Discovering Some of the Gemstones of Italy Would Turn your Holiday Around.
It’ s pronounced chef-a-loo, with the stress on the accented last syllable and it’s here that Roger II would commission one of the most beautiful Domes of Italy. Built in the 12th Century, it much resembles a fortress with its soaring twin towers and elaborate Byzantine mosaics.
The town, on the north coast of the Italian Island, is an amazing and picturesque example of Byzantine, Norman, Arab and Italian cultures coming all together. Back in town visitors can admire the picturesque harbour, alleys and medieval buildings. Cefalu’ has one of Sicliy’s finest beaches and everything is so postcard-pretty that director Giuseppe Tornatore chose it to set his Academy Awarded film: Cinema Paradiso.
Less than one hour drive from Cefalu’, you find Santo Stefano di Camastra. Definitely unknown to many people, is actually a very important centre for the production of ceramics as much as it ’s also called The Town of Pottery.
Beautiful and colourful ceramic tiles decorate streets and building of this lovely little village
This art is one of the oldest of the Sicilian traditions and it looks like it was imported in Italy from the Spanish.
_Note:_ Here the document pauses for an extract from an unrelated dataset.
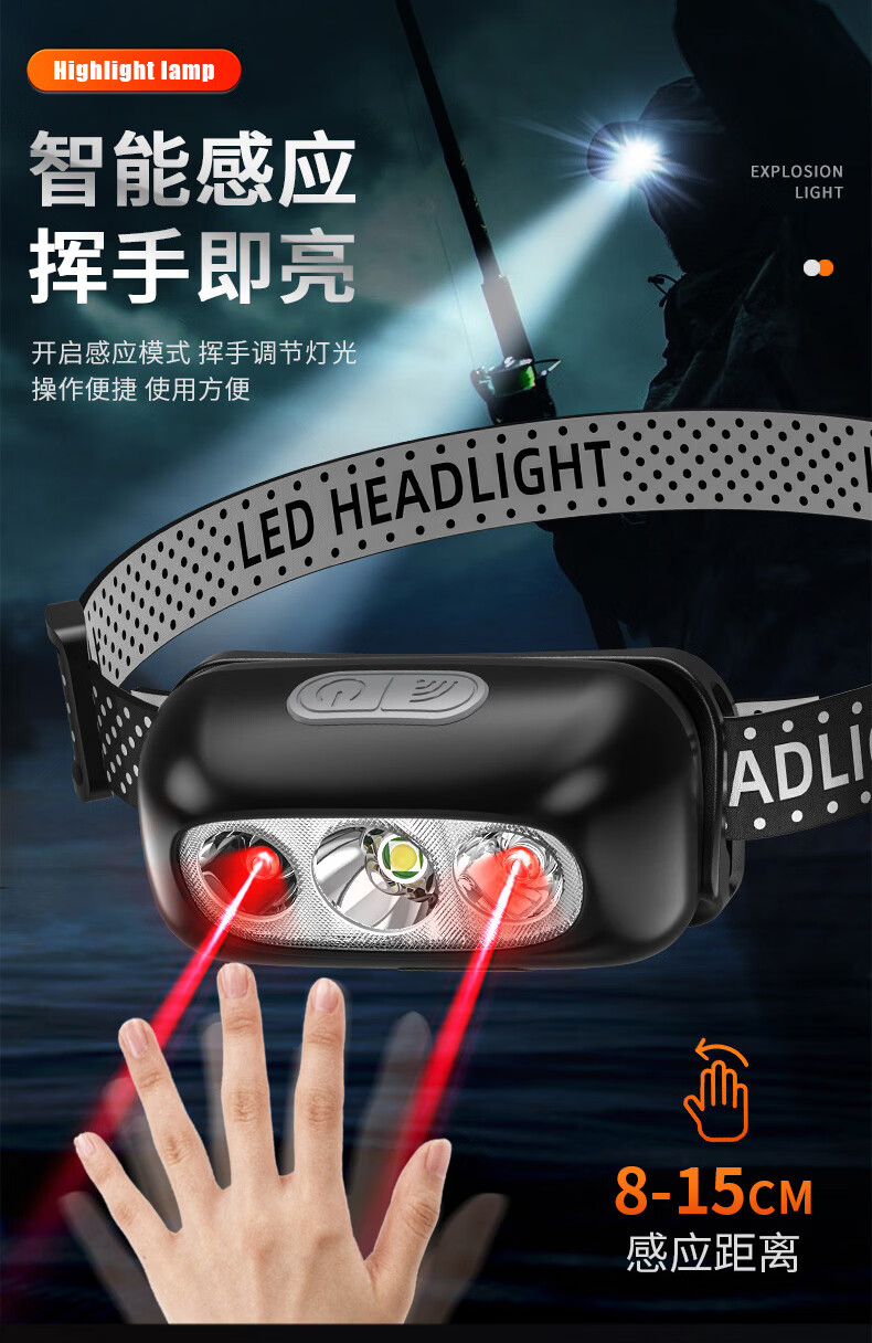 SHENYU头灯感应户外登山野外强光超亮头戴式工地矿灯超长续航钓鱼专用 强光头灯【可感应/长续航】

As a matter of fact, Italians use the word ‘ maiolica’ to mean tile and it is the term that refers back to Majorca.
Early maioliche were decorated in just two colors: manganese–brown and copper-green. Between 1350 and 1460 improvements were made in kilns and glazes which established the polychrome decoration that is now associated with Renaissance ceramics.
A walk through its streets is a walk among colorful shops with rue masterpieces: the most traditional and picturesque mosaics and tiles.
To get to Cefalu’, you need to fly into Palermo Airport. From there take E90 for about 1-hour drive.